*** Opening of RAW DATA ***

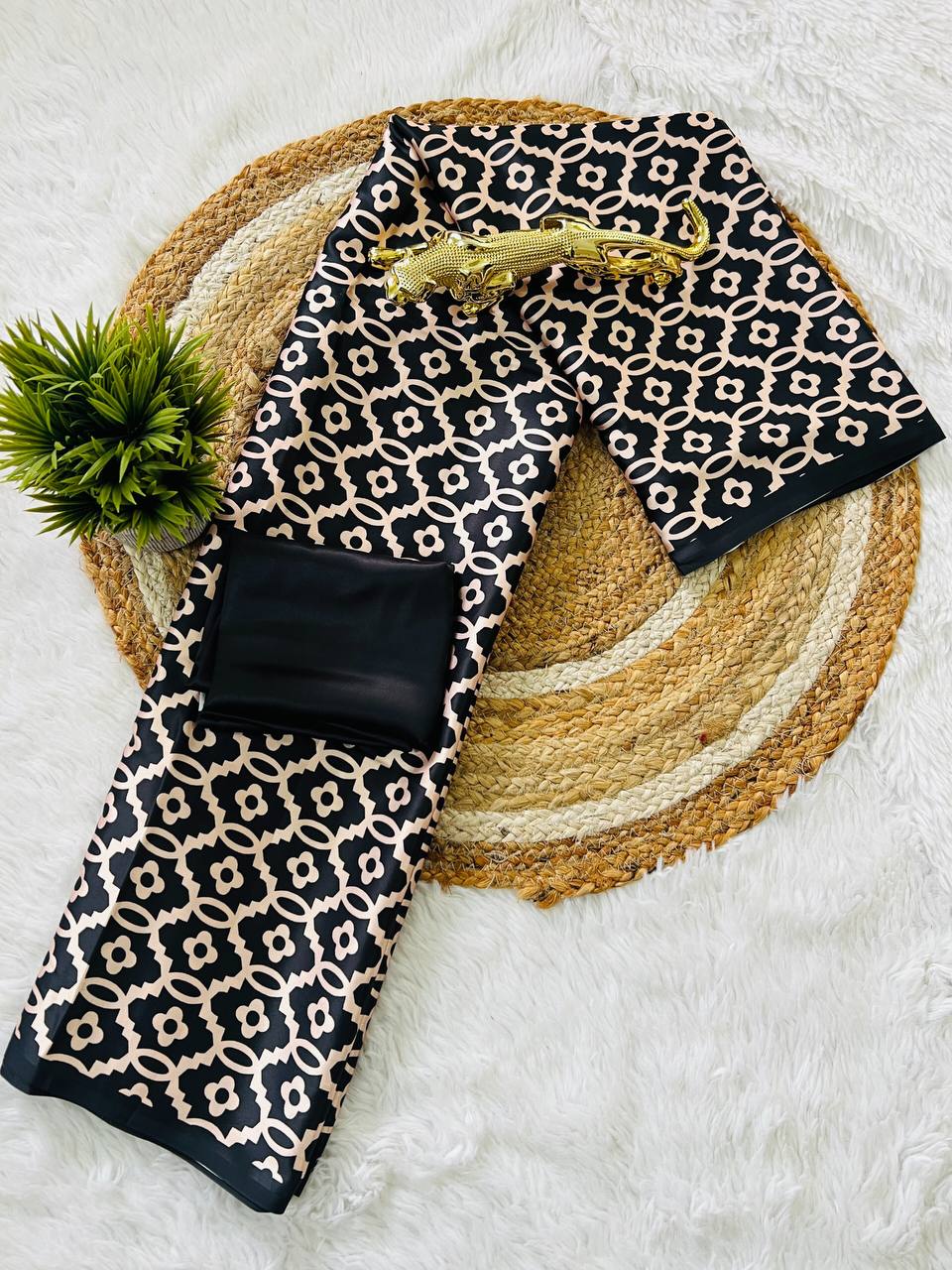 Saree work : Digital Print Border with Ajrakh Rich Pallu With Contrast Blouse
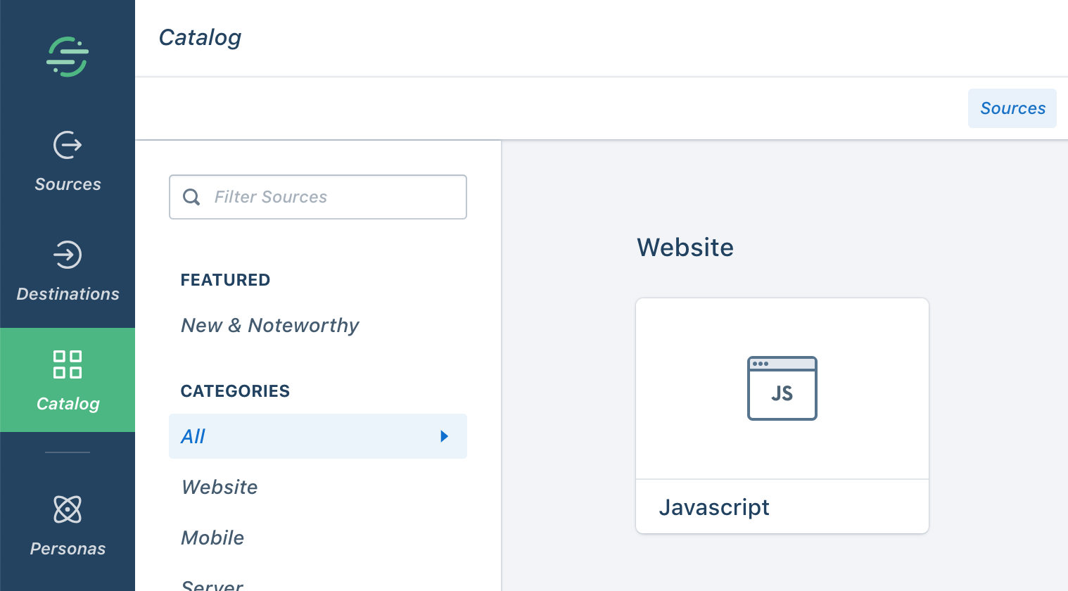 When you create a new Segment account, follow the instructions to create your first data source for your Ghost site. Select the Website source.
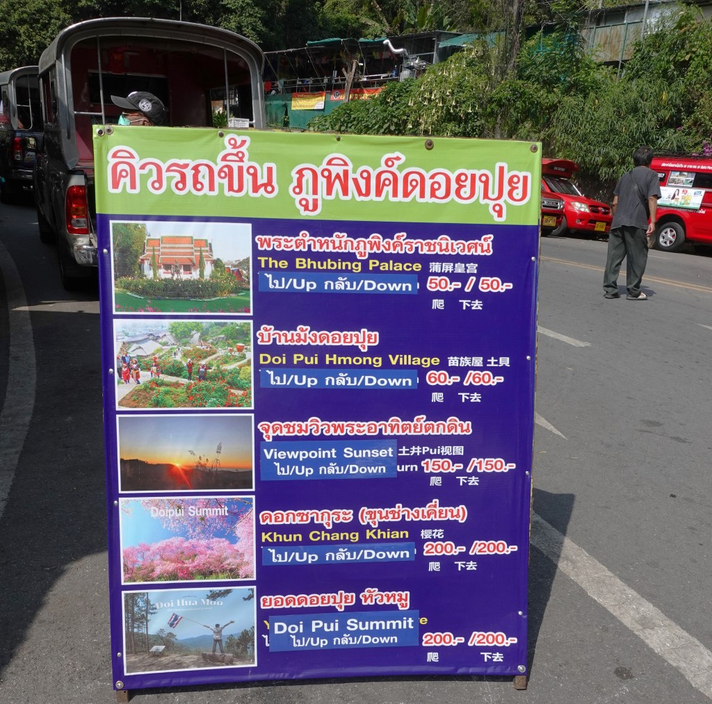 ドイステープ寺院の階段登り口でロッデーンを降りると、さらにその先の景勝地までの料金の案内板が目に飛び込んできた。それらの場所までは学生時代はまだ未舗装で、徒歩やレンタルバイクで行っていたところである。いつかまたロッデーンに乗り行ってみよう。
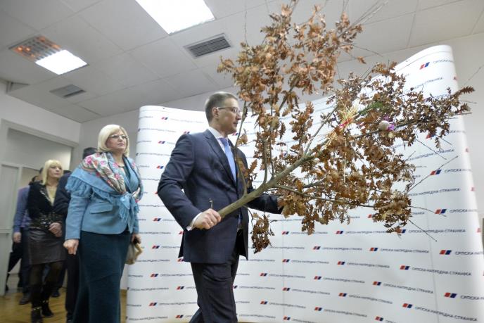 (FOTO) BADNJI DAN U SNS: Stefanović uneo badnjak, Vučić zbog obaveza nije bio tu
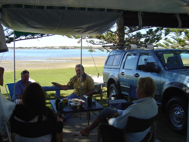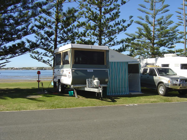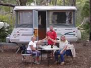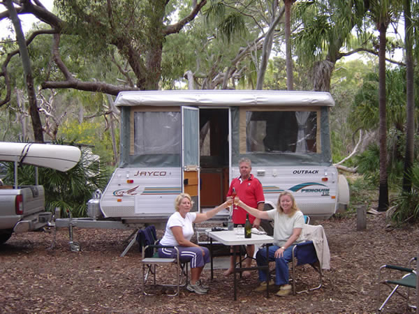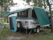 Our Comfort Caravan 2020 - ever!Our last trip with the Jayco Penguin (see below) was to Tasmania in end December 2019 - February 2020. For our next lot of adventures we wanted a full offroad caravan with toilet and shower onboard but still small enough to park easily. We bought a Comfort 16 footer which we are very happy with. The 12 month trip around Australia in 2024 proved it was the right choice. It survived all of the worst corrugated roads, drove over dunes to camp on beaches and a lot more. PHOTOS COMING... Camper Trailer 2005 - 2020For travel within Australia we have chosen a 4WD towing a Jayco Penguin Caravan (popup camper). We are very happy with our caravan purchase and the annexe is very quick to put up. We considered putting bike racks on the van although Jayco don't recommend putting the bikes on the back of the van as it can effect the balance of weight. On a recent trip to Bundaberg we stopped and spoke to another Jayco Offroader who had welded a special piece in front of the Gas Bottle/Water Bottle holder to accommodate the tow ball for the bike rack. Looked like a good idea. A relative made it for him - wished we'd got his name. We decided it would be much better to have the bike rack on the back of the van as the bikes would get less damage when driving and would be out of our way. This meant moving the spare tyre somewhere else. We bought and fitted a 2nd hand 'under car spare wheel bracket' to the underside of the van that holds the spare tyre and attached the bike carrying bracket where the tyre was. Now we just need to make some sort of cover to keep the bikes clean when travelling on those dusty roads. We need to be aware of the weight shift and compensate with extra weight to the rear of the axle when packing the inside of the van. Click on the photos below for a larger view. We have added a few hooks and hanging pockets in various places inside the van plus a drop down mosquito screen for the door for quick stops. When you wind the van up for a lunch stop you don't want to put the top half of the door on and in some places at certain times of the year flies are a major problem eg Alice Springs in September. There is always a space problem in vans that popup from halfway as cupboard space is limited. We have bought some fittings for inside the cupboards to allow us to make the most of the space and stack the food, crockery and cookware better for offroad travel. That anti-slip matting is great. To allow for extra shade from the heat and protection from rain we have had two canvas awnings made up for the van - see the equipment page for photos and info on that. Once we stop we find that bringing the crockery up above waist height is handy and more accessible on our tray and stacker. The van's stove has 3 gas burners and 1 electric hotplate. The van's fridge runs on gas, 240 volt or 12 volt battery and that battery recharges when the car runs. The sink connects to town water via a hose or we can use the pump from the van's water tanks. We are pretty well covered for off-road holidays. We intend to install a 12 volt power outlet in the van also for a variety of other uses when we are in areas without electricity e.g. shower pump, flouro light. Our Camper Trailer (popup caravan)We picked it up on a Saturday morning and tried it out straight away with a couple of nights at Burrum Point National Park campground. It is just south of Woodgate which is just south of Bundaberg for those of you who don't know your way around Queensland. We LOVED it! The track in requires 4WD so we were able to give our offroad camper a bit of a tryout. The campsite itself caters for about 15 sites and is on the beach at the mouth of the Burrum River. It is good for fishing and boating although we did little of that this time around. Shirl & Noel came along with their tent and camped with us. They wanted to check out the new van. We had a great weekend and will probably come back here again - Noel will bring the boat next time. Have a look at just a few of the Burrum Photos. We didn't get to try the annexe out until we went to the Broadwater Caravan Park. You will notice we had the new 4WD by then and it has the canopy and roof racks fitted. Have a look at just a few of the Southport Photos OR click on any of these to see the enlarged versions or inside the van. Caravan or Camper Trailer or Tent Trailer? - the leadup to the purchaseKaren & Gary and Cath & Pete went to the Caravan & Camping show and we were impressed by the Jayco Outback on a show special. We had looked at various RVs and camper trailers. We also decided to look out for second hand caravans and campers as we know a lot of people buy them, do one trip and then sell them. Then ... We found one! On our way back from a holiday to Lake Monduran we called in at Bundaberg to the Jayco Dealer there - Warburton Caravans - where we had seen a number of 2nd hand Camper Trailers on a previous trip through Bundaberg. This time they had exactly what we were after - a Jayco Penguin 13 in the Camper Trailer Outback range. It was less than 12 months old - the previous owners (retired couple) having decided they loved travelling and camping so much they wanted to do it for 12 months in a larger popup style of caravan. They traded up and we were lucky enough to purchase what we had been looking for at a better price than a new camper trailer of the same type. They had looked after it well so we are more than happy with our purchase. The bonus was that it came with a full annexe in case we ever want to take the kids along. What requirements did we have for the van?
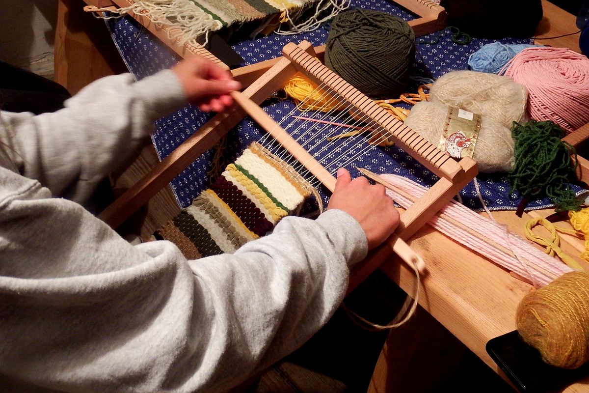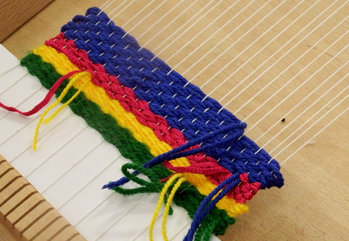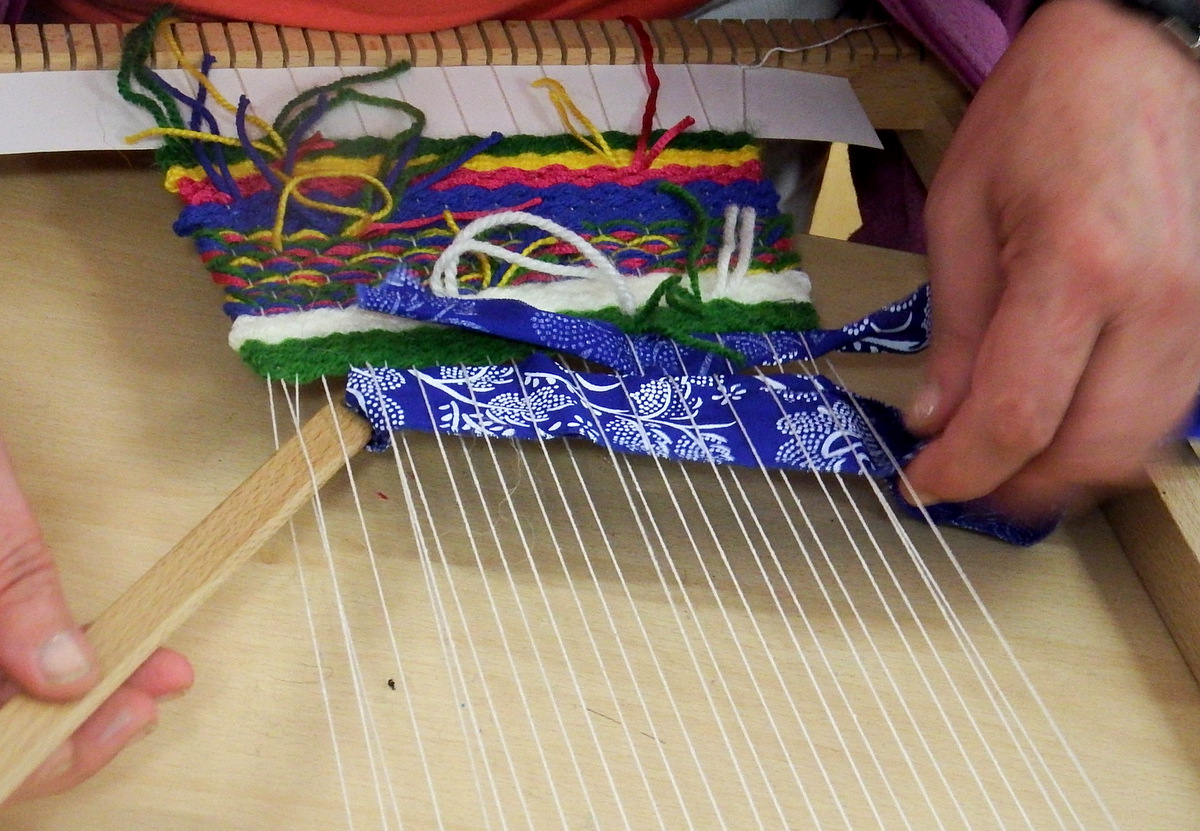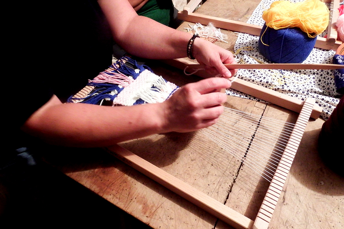 Przybędza - tym razem tkactwo na małych ramkach tkackich. Wykonaliśmy małe kilimy z użyciem materiałów pochodzących z recyklingu.

*** Close of RAW DATA ***

Only the lines from the start of the records to the one containing "(FOTO) BADNJI DAN" should be repeated, exactly and with both ends kept; drop any pictures.

RESPONSE:
 Saree work : Digital Print Border with Ajrakh Rich Pallu With Contrast Blouse
 When you create a new Segment account, follow the instructions to create your first data source for your Ghost site. Select the Website source.
 ドイステープ寺院の階段登り口でロッデーンを降りると、さらにその先の景勝地までの料金の案内板が目に飛び込んできた。それらの場所までは学生時代はまだ未舗装で、徒歩やレンタルバイクで行っていたところである。いつかまたロッデーンに乗り行ってみよう。
 (FOTO) BADNJI DAN U SNS: Stefanović uneo badnjak, Vučić zbog obaveza nije bio tu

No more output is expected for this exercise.